Ius Poenale (Jun 2022)

Poverty and Justice: From The Poverty Of Law To The Rigth Of Poverty

  • Ghislain-David KASONGO LUKOJI

DOI
https://doi.org/10.25041/ip.v3i1.2533
Journal volume & issue
Vol. 3, no. 1
pp. 49 – 70

Abstract

Read online

The law, understood as the set of rules that organizes life in a given society (objectivemeaning) and recognizes the prerogatives of the members of the said society or subjects of law (subjective meaning), is incapable of effectively fighting against poverty. Indeed, the law seems to be powerless against this social fact, or even scourge, to the point that it displays sometimes contradictory attitudes to it, crystallising in a shifting legal categorisation.
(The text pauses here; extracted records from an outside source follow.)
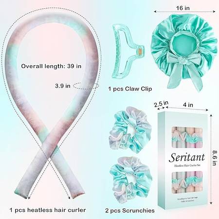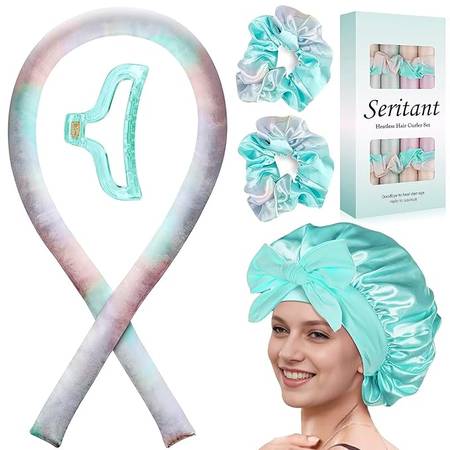 Heatless Hair Curler for Overnight Curls | No Heat Curling Rod Set with Satin Bonnet | Sleep-In Safe Blowout Rods for Frizz-Free Waves Green Tie Dye Bought from Amazon for $19.99+ tax, ask for $5....
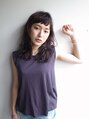 ワイドでサイドまで切り込んだショートバングがポイントのミディアムパーマスタイルです!前髪が重めにザックリと、パーマは縦長waveで外国人のくせの様なパーマです
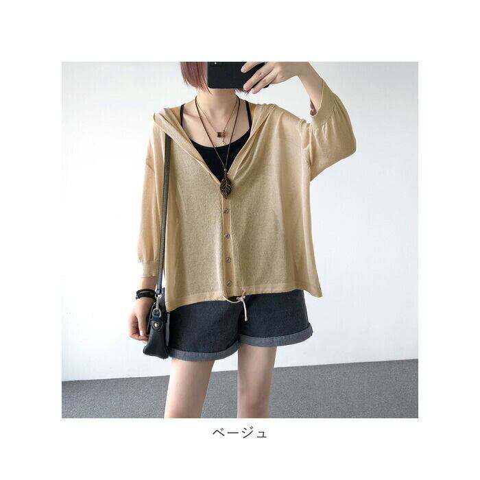 サマーニット カーディガン 通販 レディース 薄手 夏用 大きい 麻 リネン uv きれいめ 春夏 かわいい 7分袖 羽織り フード カジュアル おしゃれ 服 トップス
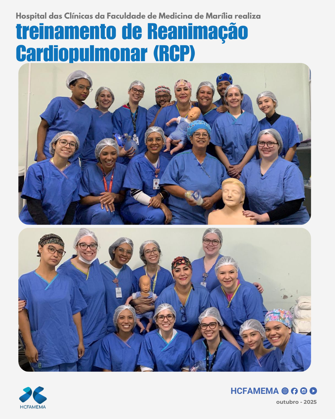 O Serviço de Educação em Saúde do HCFAMEMA organizou um treinamento de Reanimação Cardiopulmonar (RCP) Adulto e Pediátrico para os profissionais de enfermagem do Centro Cirúrgico do Hospital Materno Infantil. A capacitação ocorreu nos dias 02 e 09 de outubro…
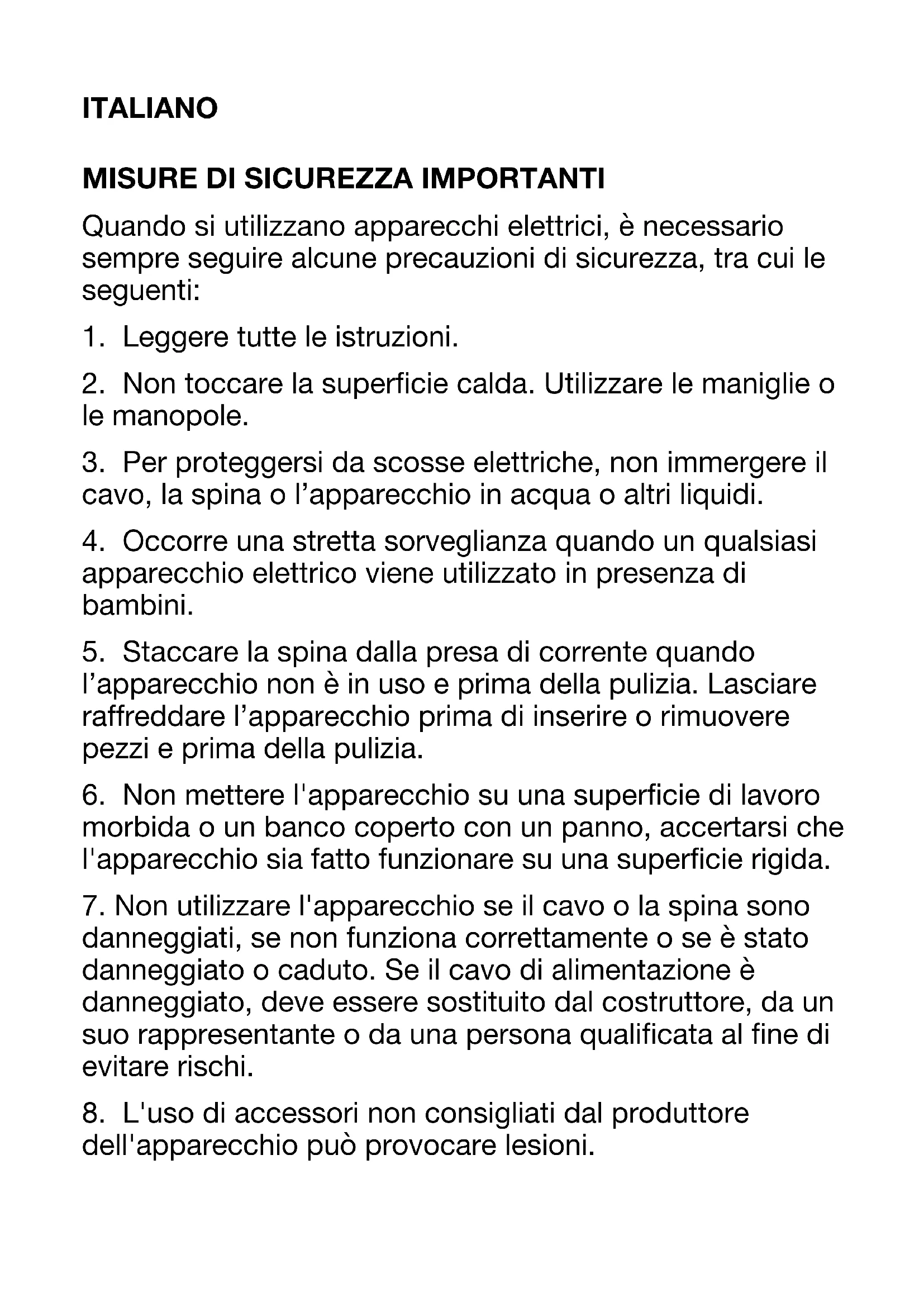 1. Leggere tutte le istruzioni.
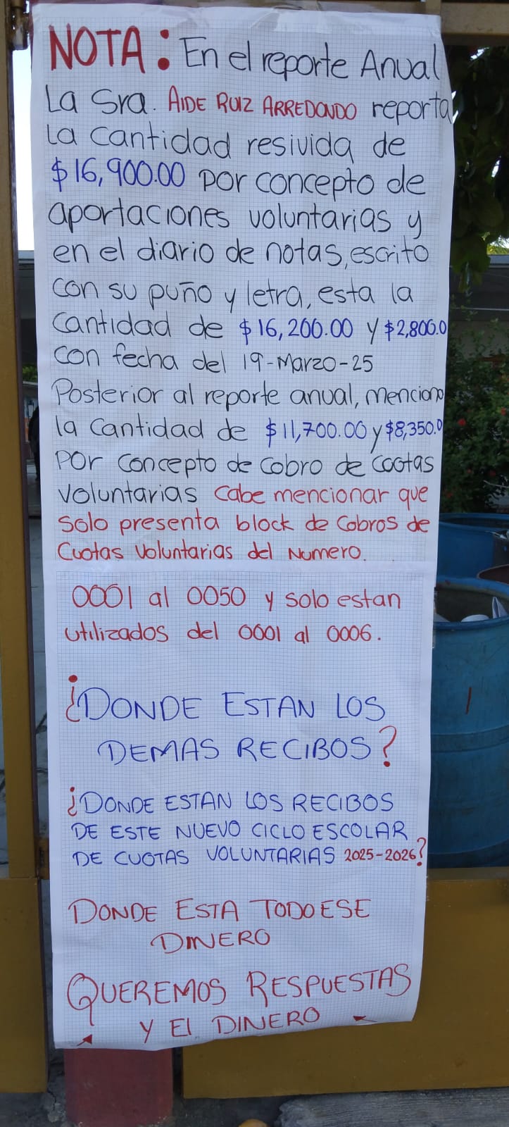 La Sra. Aide Ruiz Arredondo presentó su renuncia a su cargo, señalan en cartelones colocados en el cerco a un costado del acceso de la institución.
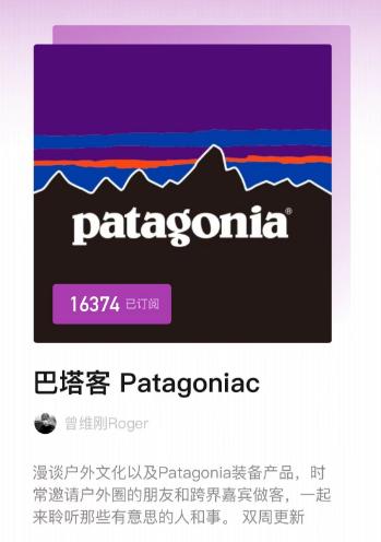 而在文化输出上,Patagonia在国内做了一档播客节目《巴塔客Patagoniac》,将户外、环保、创业等话题糅杂在深度的对谈内容中,体现出品牌的调性。要长期做这样一档硬核的播客节目,其投入并不小。
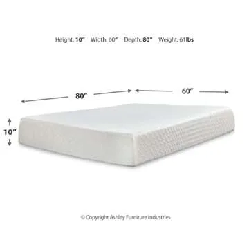 Show more Experience the ultimate sleeping comfort with the Signature Design by Ashley Queen Size Chime 10 Inch Medium Firm Memory Foam Mattress. This luxurious mattress features advanced memory foam technology infused with Green Tea and Charcoal Gel, ensuring a refreshing sleep experience while effectively combating odors. With a medium-firm feel, this mattress strikes the perfect balance between support and comfort, promoting healthy spinal alignment and pressure relief for a more restful night of sleep.
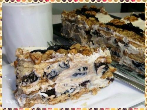 2. поверх крема кладем слой дробленых грецких орехов. Чернослив заранее промываем горячей водой и слегка обсушиваем. Нарезаем его мелко и выкладываем сверху орехов.
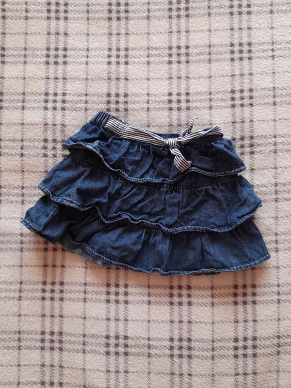 Джинсова дитяча спідниця на резинці з рюшами, спереду є пояс (декор). Півобхват талії 22 см, довжина 22 див.
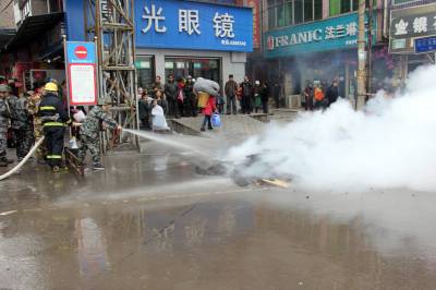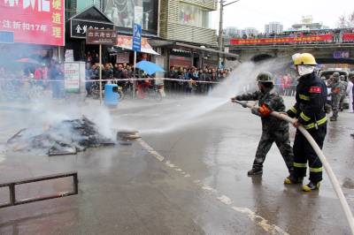 节前应急救援演练防火灾 1月29日,消防队员在进行灭火。 当日,恩施市六角亭办事处在胜利街社区开展消防火灾事故应急救援演练,市消防大队、市人武部、办事处、社区居委会、义务宣传队联合开展疏散、救援,并在救援后开展冬季防火要领、安全消防常识、如何扑救初期火灾等知识的宣传。通过演练,提高市场商户及过往人员的安全防火意识和处理突发火灾事故的应急能力,防范春节期间社区火灾的发生。 视界网 谢顺 杨君丹 摄 恩施市新闻中心记者 谢顺 13277590198
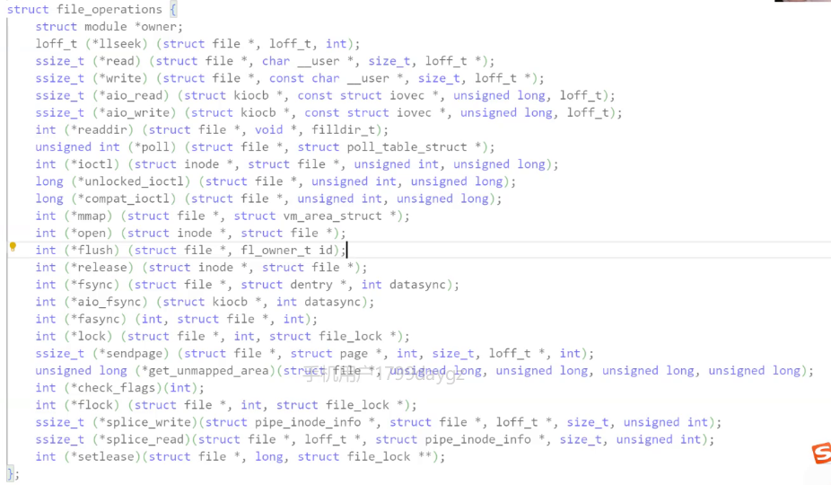 可以看出,这实际上就是一批函数指针的集合,通过这些个函数,进程就能实现对文件的种种操作
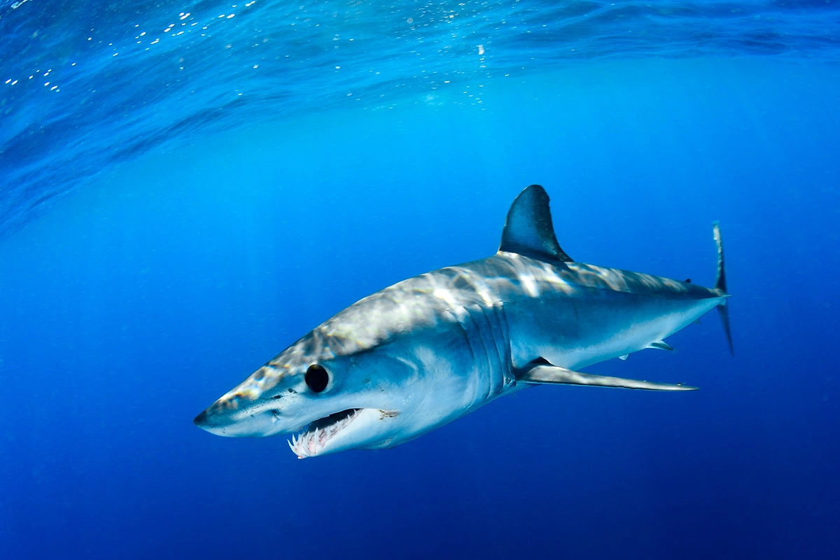 The basking shark, also known as the porbeagle shark, is the second-largest fish species in the world and often appears off the coast of Great Britain in the summer, searching for plankton to feed on in warm ocean currents. Despite its impressive size, it is harmless to humans and filters water through its gills, collecting tiny organisms to support its enormous body mass in the marine environment. An encounter with such a shark while boating is a rare and memorable experience for sailors and nature lovers on the high seas.

Fortunately, it is not resigned: it perpetually reinvents ‘stratagems’tending to establish an artificial equality between the members of the community and protect the weakest or most vulnerable among them. Justice is one of the social sectors where the interaction between ‘law and ‘poverty’ is particularly evident. While it is true that poverty can be a barrier to access to justice, the restriction of the right to access to justice reinforces or leads to poverty. This contribution is based on a historio-epistemo-comparative approach: it first used the exegetical method to analyze the scope and basis of the legal framework of poverty and its implication on access to justice, before resorting to the comparative and historical method in order to identify the origin of the solutions proposed by Congolese law on the issue in relation to the Belgian and French systems with which it has close sociological links. The study thus demonstrates the difficulty that developing countries, particularly the Democratic Republic of Congo, have in meeting this challenge, both in the field of adult justice and in that of juvenile justice, where the problem is more acute, especially from a different position.